Akhir malam, Ummu Sulaim berkata pada suaminya, ‘Wahai Abu Thalhah, bagaimana pendapatmu bila keluarga si fulan meminjam suat pinjaman lalu memanfaatkannya. Kemudian, ketika pinjaman itu diminta, mereka tidak suka’.

            Abu Thalhah menjawab, ‘mereka tidak adil’. Ummu Sulaim berkata, ‘sesungguhnya anakmu, fulan, adalah pinjaman dari Allah dan Allah telah mengambilnya’. Abu Thalhah beristirja (mengucapkan Inna lillahi wa inna ilaihi rojiun) dan memuji Allah seraya mengatakan, ‘demi Allah, aku tidak akan membiarkanmu mengalahkanku dalam kesabaran’.

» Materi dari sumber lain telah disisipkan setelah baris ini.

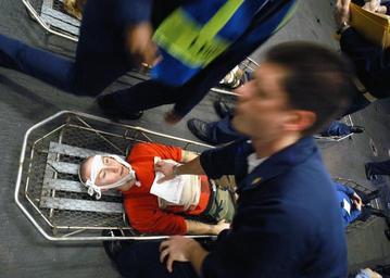 | Keywords: US Navy 030319-N-4048T-045 Medical personnel aboard the amphibious assault ship USS Kearsarge (LHD 3), along with embarked Fleet Surgical Team Eight personnel participate in a Mass Casualty training exercises.jpg en The Arabian Gulf Mar 19 2003 -- Medical personnel aboard the amphibious assault ship USS Kearsarge LHD 3 along with embarked Fleet Surgical Team Eight personnel participate in a Mass Casualty training exercises Kearsarge is conducting missions in support of Operation Enduring Freedom U S Navy photo by Photographer s Mate 2nd Class0 Alicia Tasz RELEASED 2003-03-19 030319-N-4048T-045 Navy http //www navy mil/view_image asp id 5740 U S Navy photo by Photographer s Mate 2nd Class0 Alicia Tasz PD-USGov-Military-Navy Aboard USS Kearsarge LHD-3 |
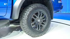 Bề ngang của Ranger Raptor “đô” hơn với các hốc bánh lớn, ốp viền nhựa đen giúp bảo vệ thân xe khỏi bùn, đá khi chạy off-road. La-zăng dạng hợp kim 6 chấu kép, kích thước 17-inch đi cùng bộ lốp BF Goodrich đa địa hình. Với combo này thì có thể nói là Ranger Raptor sẽ không “ngán” bất cứ địa hình nào.
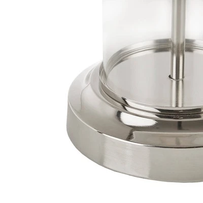 Update your living room or bedroom with the sleek style of the Clarity Table Lamp Set of 2. The base is made from metal and glass with a shiny silver finish, for an elegant touch. A off white drum-shaped shade softly filters the light, while also beautifully complementing the striking look. Providing plenty of length a 72-inch clear cord and an on/off switch on the socket, this table lamp is easy to incorporate into your existing space and perfect for accenting any transitional home decor. One Type A light bulb is needed. Comes with a 2-year warranty.
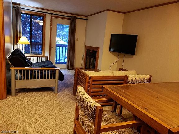 2nd-floor 2-bedroom 2-bath fully furnished condo with balcony, fireplace & close to the outdoor pool. Seller had new hot water heater installed Aug 2020. HOA $256/mo include outside maintenance, road maintenance, tennis, hottub, outdoor pool and trash removal. (Skiing & golf for a fee) Sq ft per tax card - buyer to verify sq ft & taxes.. J-473
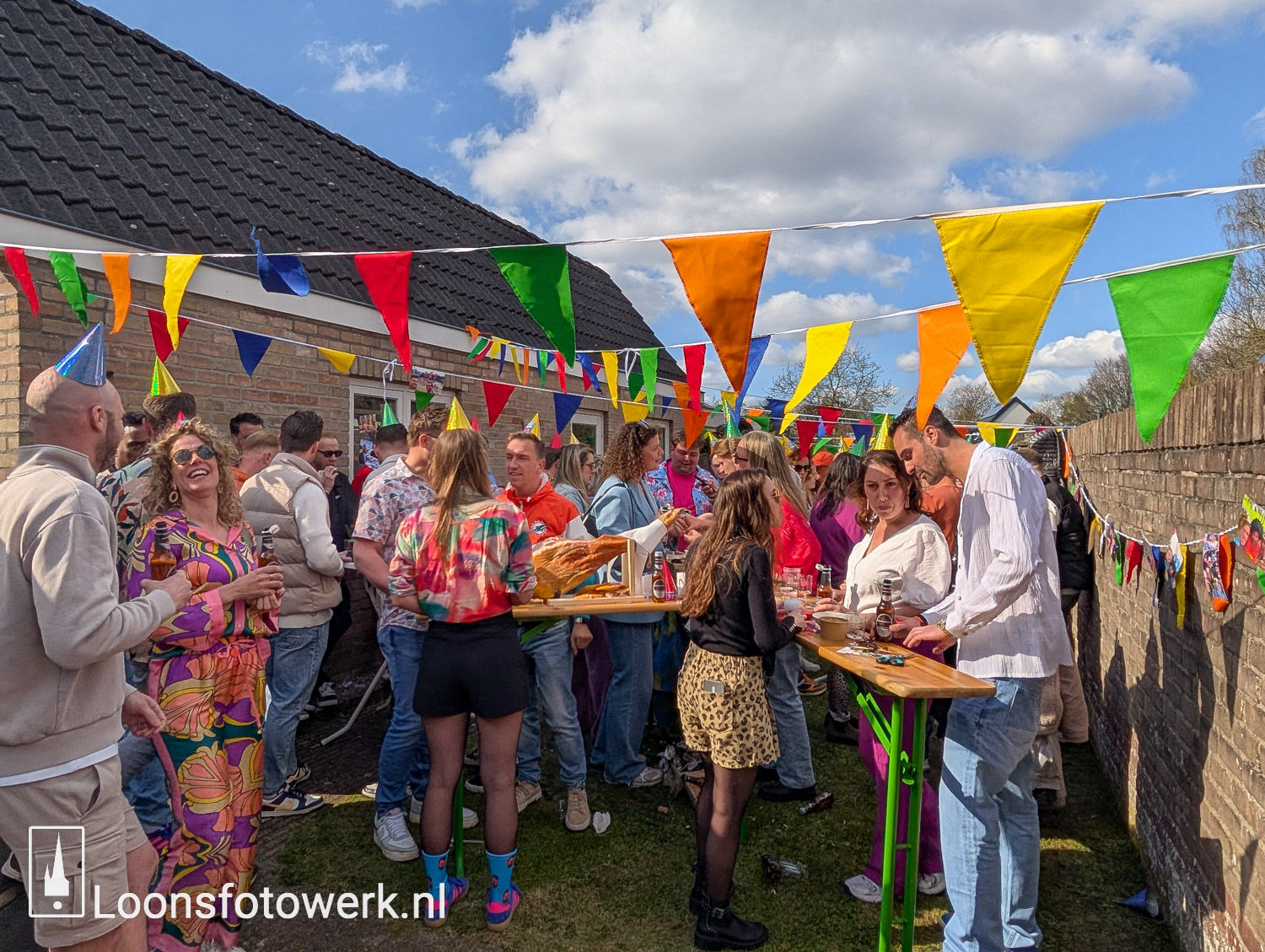 Er zit een 20 persoons kruishangtafel in T' Smidje die buiten opgesteld kan worden bij mooi weer of meer gasten
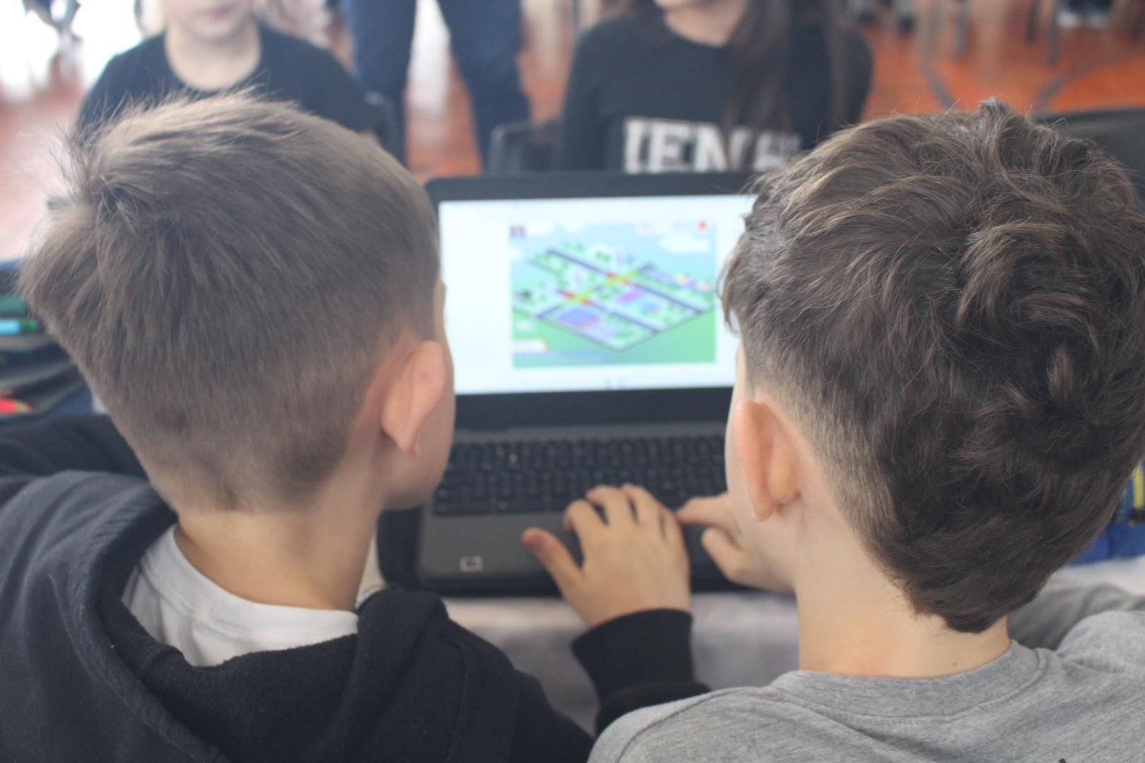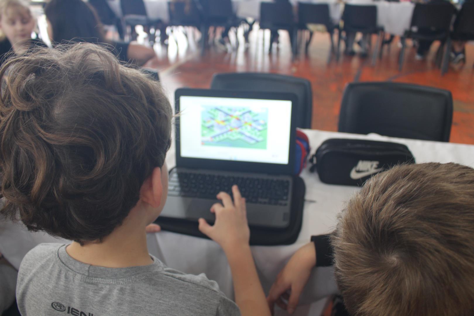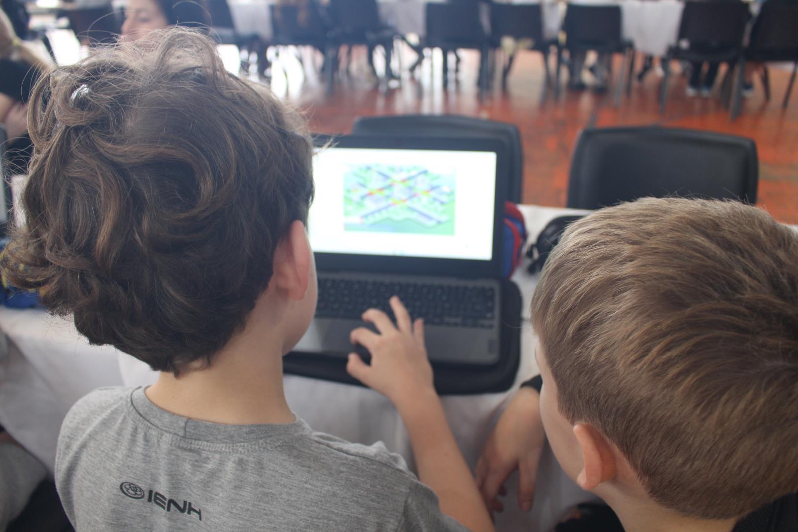 Em seguida, os estudantes foram desafiados a jogar o Gridlock Buster, um game, todo em língua inglesa, que simula a organização do fluxo de veículos e pedestres, incentivando a reflexão sobre o impacto da tecnologia no trânsito.
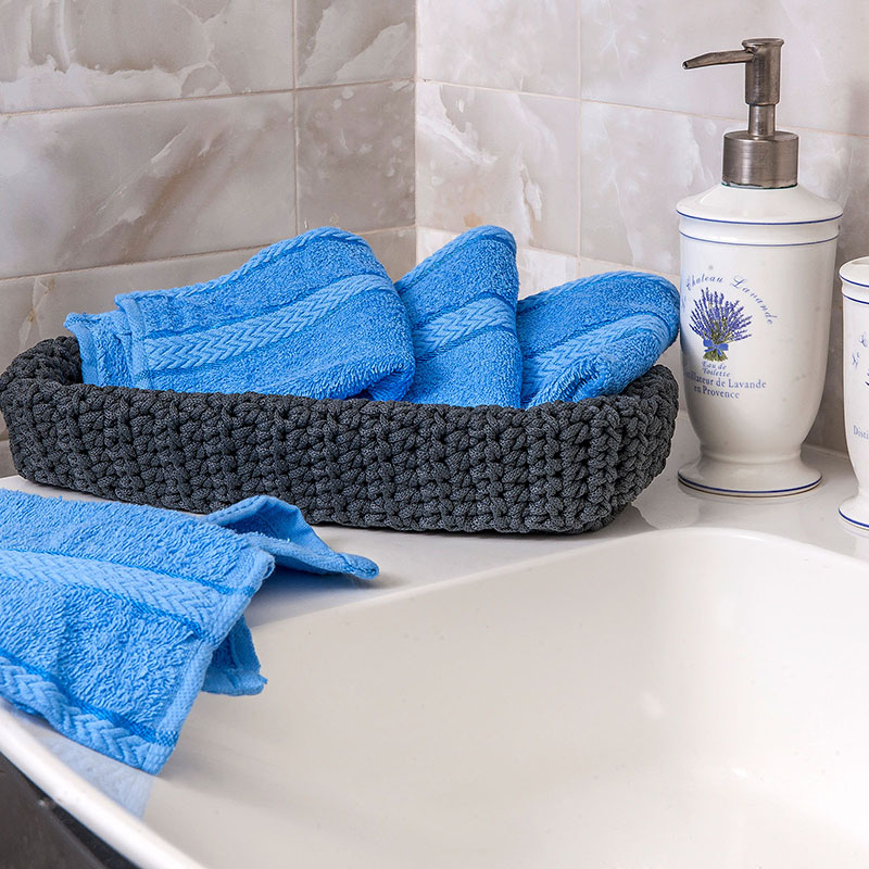 Натуральные гладкокрашеные махровые салфетки с жаккардовой косичкой из экологически чистого 100% хлопка, голубого цвета.
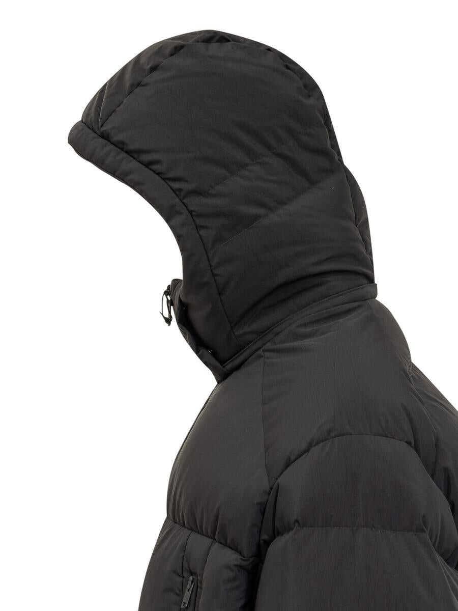 Hooded down jacket with high collar. Zipper closure. Elasticized cuffs. Two side pockets.
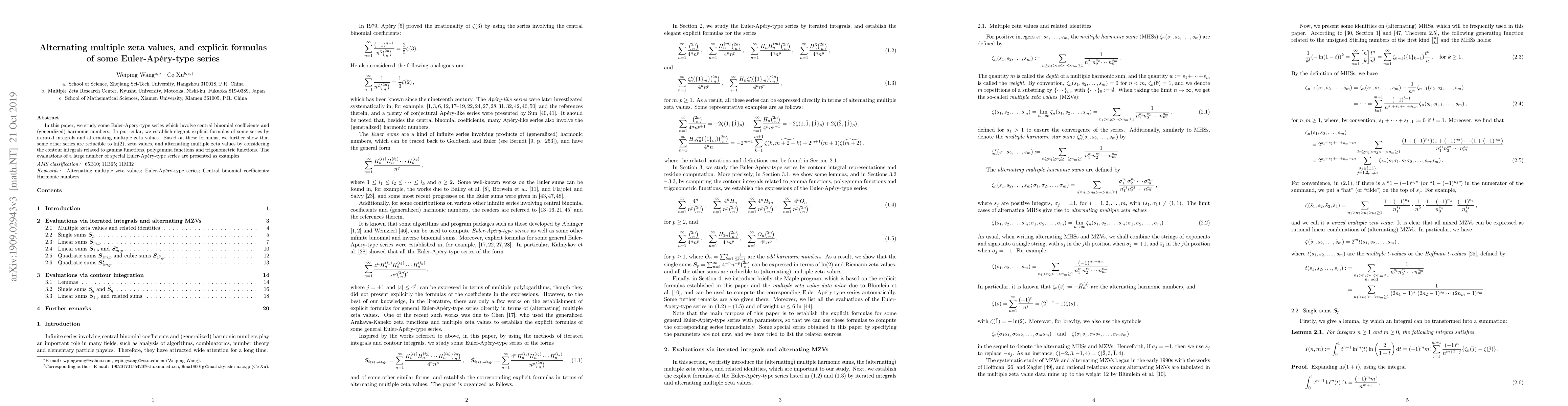 This paper investigates Euler-Apéry-type series involving binomial coefficients and harmonic numbers, deriving explicit formulas using iterated integrals and alternating multiple zeta values. It demonstrates that these series can be reduced to simpler forms involving ln(2), zeta values, and alternating multiple zeta values through contour integrals involving gamma, polygamma, and trigonometric functions.

            Pada pagi harinya, Abu Thalhah datang pada Rasulullah SAW. Tatkala Rasulullah SAW melihatnya, beliau bersabda, “Semoga Allah memberkahi kalian berdua di malam hari kalian”.

            Sejak malam itu, keberkahan mencakup Abdullah bin Abi Thalhah. Tidak ada kaum Anshar, seorang pemuda yang lebih baik darinya. Dari Abdullah tersebut, lahirlah banyak anak. Abdullah tidak meninggal hingga dia dikaruniai 10 anak yang semuanya hafal Al-Quran. Abdullah sendiri, wafat di jalan Allah.